La nommée redressa la tête et la tourna de sorte à ce qu'elle puisse voir son profil. Clarke la regarda quelques secondes de plus puis, tout en relâchant les draps qu'elle tenait toujours autour de son corps nu, elle se rapprocha d'elle jusqu'à ce que sa poitrine se retrouve collée à son dos et qu'elle puisse glisser ses bras autour de sa taille et poser son menton contre son épaule.

La réaction de Lexa fut immédiate. Comme à chaque fois que Clarke la touchait, son corps agissait de lui-même et elle se retrouva à fermer les yeux et se laisser aller contre elle.

- Je comprends, déclara Clarke en posant un baiser sur sa nuque. Et si tu préfères rester à l'hôtel, je le comprends aussi et je ne t'en reparlerais plus... Mais Lex, ce n'est pas parce que tu décides de t'installer dans un appartement que ça veut dire que les choses deviennent définitives. Tu peux juste décider de vouloir vivre dans un endroit à toi, plus personnel et stable qu'une chambre d'hôtel…

Lexa acquiesça mais ne dit rien, amenant Clarke à resserrer un peu plus ses bras autour d'elle.

- Hey, souffla-t-elle à son oreille, tu sais que, quoi qu'il se passe, que ce soit à New-York ou à Los Angeles, dans un appartement ou dans une chambre d'hôtel, on se retrouvera bientôt hein?

Lexa tourna la tête de sorte à pouvoir la regarder et lui adressa un léger sourire.

- Je sais, assura-t-elle. Juste quelques mois de plus…

- Exactement, répondit Clarke en posant sa tête sur son épaule pour pouvoir mieux la regarder. Et tu verras que si je viens vivre ici avec toi, tu voudras très vite fuir l'hôtel tellement tu en auras marre de voir mes affaires traîner partout.

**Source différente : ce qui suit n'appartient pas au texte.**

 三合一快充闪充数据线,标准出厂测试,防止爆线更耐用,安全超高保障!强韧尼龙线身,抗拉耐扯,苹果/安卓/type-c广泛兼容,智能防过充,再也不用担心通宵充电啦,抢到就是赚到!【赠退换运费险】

Un petit rire s'échappa de la bouche de Lexa qui se retrouva dans l'incapacité de détourner les yeux d'elle. Elle fixa Clarke, dessina chaque détail de son visage avec ses yeux et, lorsqu'elle ne put plus s'en empêcher, elle se pencha vers elle et posa un baiser plein de tendresse sur son front. Et, juste comme ça, le poids qui se trouvait dans sa poitrine disparut.

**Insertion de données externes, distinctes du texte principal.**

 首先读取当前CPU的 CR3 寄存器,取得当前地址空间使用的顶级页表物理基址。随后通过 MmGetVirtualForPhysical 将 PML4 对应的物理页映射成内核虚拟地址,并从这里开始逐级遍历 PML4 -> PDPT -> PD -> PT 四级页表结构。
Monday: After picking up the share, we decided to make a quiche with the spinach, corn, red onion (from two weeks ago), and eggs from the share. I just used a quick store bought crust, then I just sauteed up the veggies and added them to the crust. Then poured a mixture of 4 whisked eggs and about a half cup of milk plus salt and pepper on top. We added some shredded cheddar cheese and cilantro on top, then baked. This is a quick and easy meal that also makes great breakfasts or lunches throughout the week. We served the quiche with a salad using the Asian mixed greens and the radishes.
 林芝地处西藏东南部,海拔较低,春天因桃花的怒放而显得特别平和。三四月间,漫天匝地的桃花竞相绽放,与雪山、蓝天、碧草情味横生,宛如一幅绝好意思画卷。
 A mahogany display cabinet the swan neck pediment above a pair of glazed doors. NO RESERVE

- Tu m'as manqué… déclara-t-elle tout doucement, comme si le simple fait de l'admettre la rendait vulnérable.

Clarke redressa la tête et lui adressa un grand sourire.

- Tu m'as manqué aussi, répondit-elle en posant un petit baiser sur sa bouche.

Elle fit redescendre ensuite ses lèvres jusqu'à sa mâchoire puis sa nuque, amenant Lexa à fermer les yeux et se laisser aller un peu plus contre elle.

- Que dirais-tu qu'on prenne une douche ensemble avant d'aller rejoindre les autres? demanda Clarke en continuant d'embrasser chaque parcelle de peau qu'elle pouvait atteindre.

Elle ponctua ses mots en ramenant ses mains par-dessus ses épaules pour les laisser parcourir le long de son corps et Lexa se retrouva dans l'incapacité de faire quoi que ce soit d'autre que d'acquiescer. Clarke posa une multitude de baisers le long de sa nuque et tira sur le col de sa chemise pour la lui retirer. Lexa la sentit lui embrasser une dernière fois les épaules avant de s'éloigner pour se redresser du lit. Et, lorsqu'elle se retrouva face à une Clarke complètement nue qui lui attrapa la main pour l'attirer en direction de la salle de bain, elle se laissa faire sans la moindre difficulté.